"I never said so."

"No, no; but surely this is tacit admission. However, the point is not the saying of it." He saw the look of doubtfulness beginning to show itself in her eyes. "What's the good of talking about it? We're here for the purpose of eating, not discussing social conventions. You know who I am, I shall know who you are in another two or three minutes if you'll be kind enough to tell me. Why, good heavens! life's short enough, without surrounding everything we want with social restrictions. I'm a barrister, I told you that before. In some sort of legal directory you'll find out exactly when I left Oxford and was called to the bar. In Who's Who? you'll find out exactly where I live, though I can tell you that myself—" he mentioned the number of his chambers in Regent Street. "They'll tell you in Who's Who? that my sports are riding, fishing, and shooting—that describes a man in England; it doesn't describe me. I don't ride; I don't fish or shoot; I used to; that's another matter. I only ride an occasional hobby now—fish for work on the papers, and shoot— Lord knows what I shoot! Nothing, I suppose. I belong to the National Liberal Club for the Library, to the Savage where you pass along an editor as you would a christening mug, and to the National Sporting, because there's a beast in every man, thank God!"

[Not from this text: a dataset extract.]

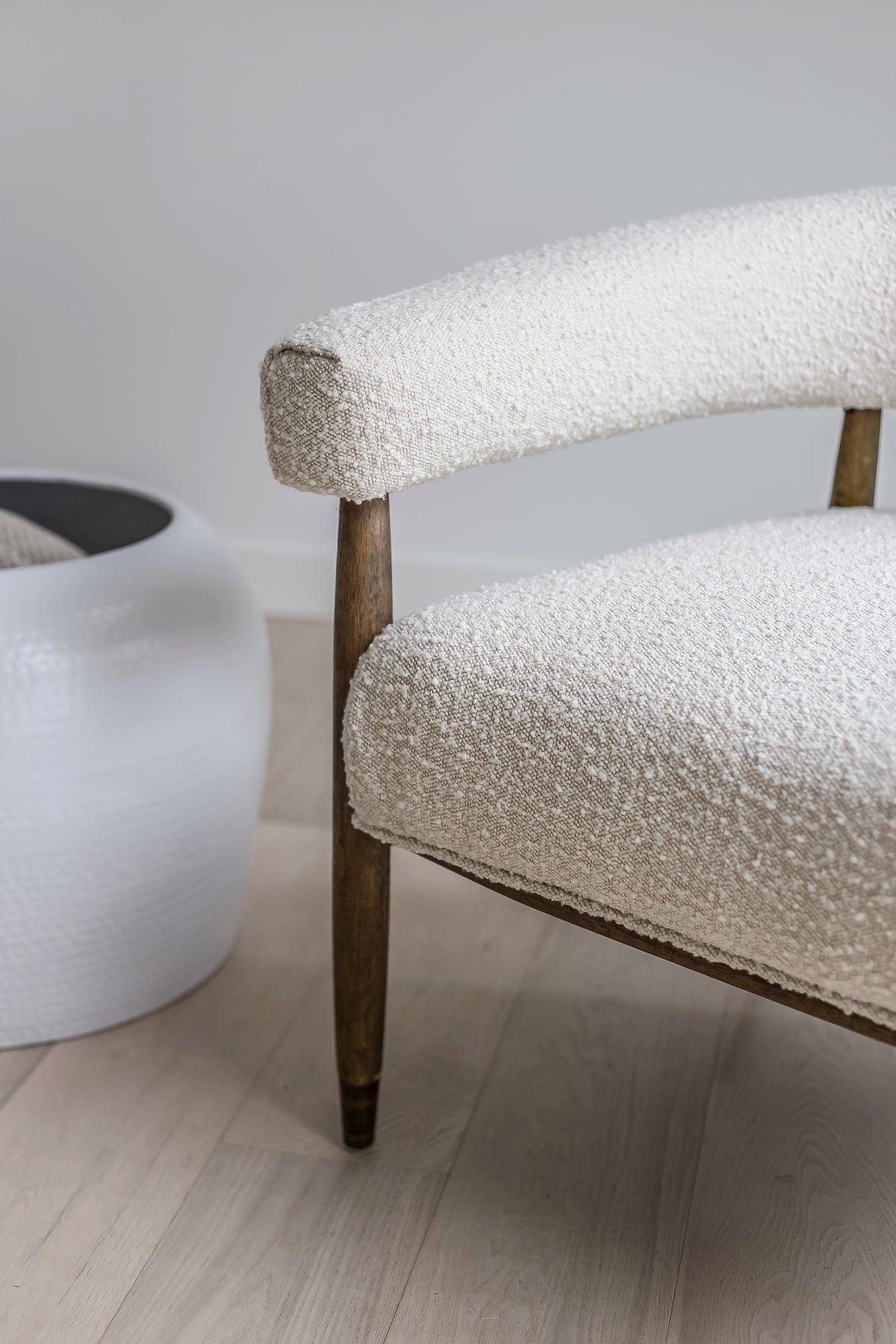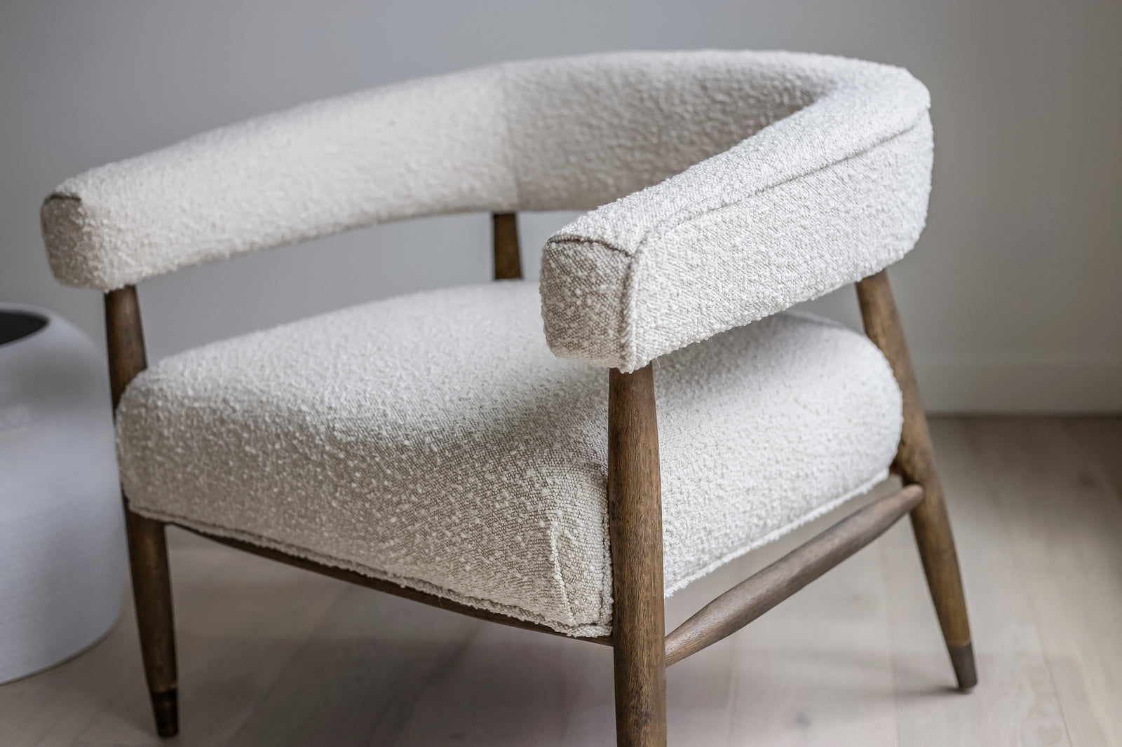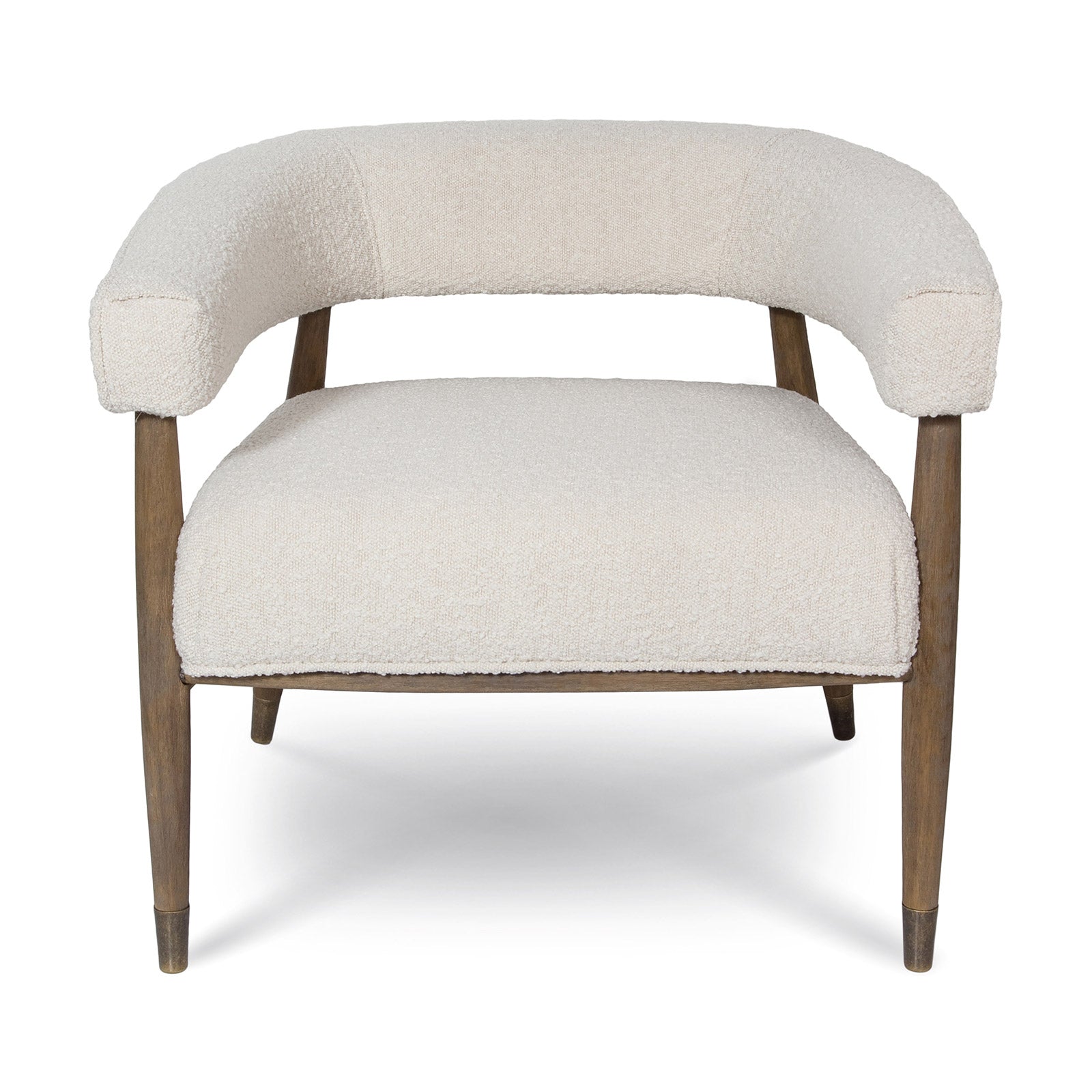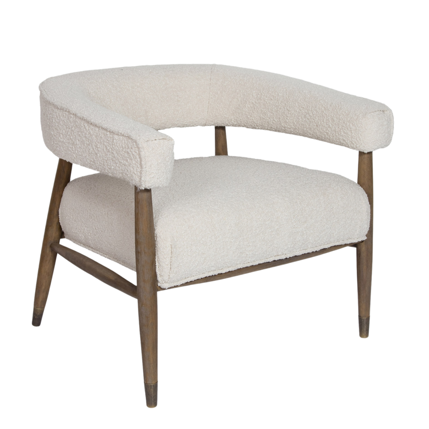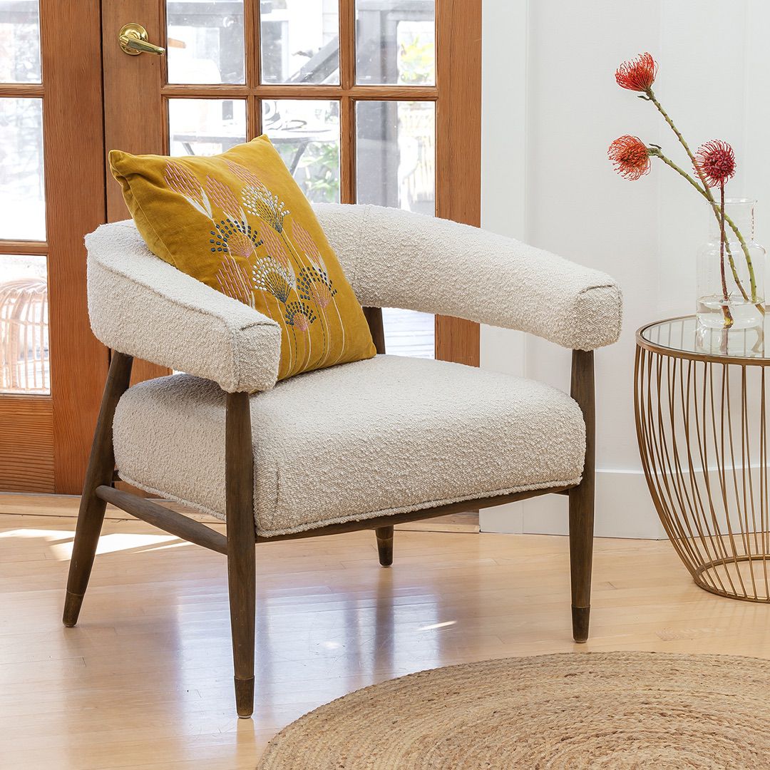 With its rounded curves and cozy boucle fabric, our ELEODORA lounge chair has taken mid-century modern design into the new millennium. Supported by a warm walnut tone frame, ELEODORA is as comfortable as it is stylish. Perfectly sized for the bedroom or living room, this occasional chair sits like a dream.

He had won her. The rattle of that conversation had driven all thoughts of doubt out of her mind. She would not have denied herself of his company now for any foolish pretext of convention. In that hurried summary of himself and his affairs, proving himself by it, without any pride and conceit, to be a man of very different stamp and interest to Mr. Arthur Montagu, he had marked her in her flight for liberty. Nothing was binding her—no interest in life but to be loved. Had there been any such bond—the prospect of an engagement which was not distasteful to her—he would have found it no easy matter to win her to interest then. But she was free, in the midst of her flight, and he had marked her. She looked into his eyes as the sighted bird blinks before the glittering barrel of the gun, and she knew that he could win her if he chose.

"Well," he said, "I've got nothing more to tell you. How about you?"

She took a little handkerchief out from the folds in her coat, then put it back again, apparently with no purpose.

"I thought you had something to tell me?"

"I?"

"Yes; you said when you came up to the table that you had."

"That? Oh yes, that's business. We'll talk about that later. I want to hear something about yourself first. You're engaged to be married."

He rushed blindly at that—knew nothing about it. A ring on her finger had suggested the thought, but whether it were on the proper finger or not was beyond his knowledge of such little details.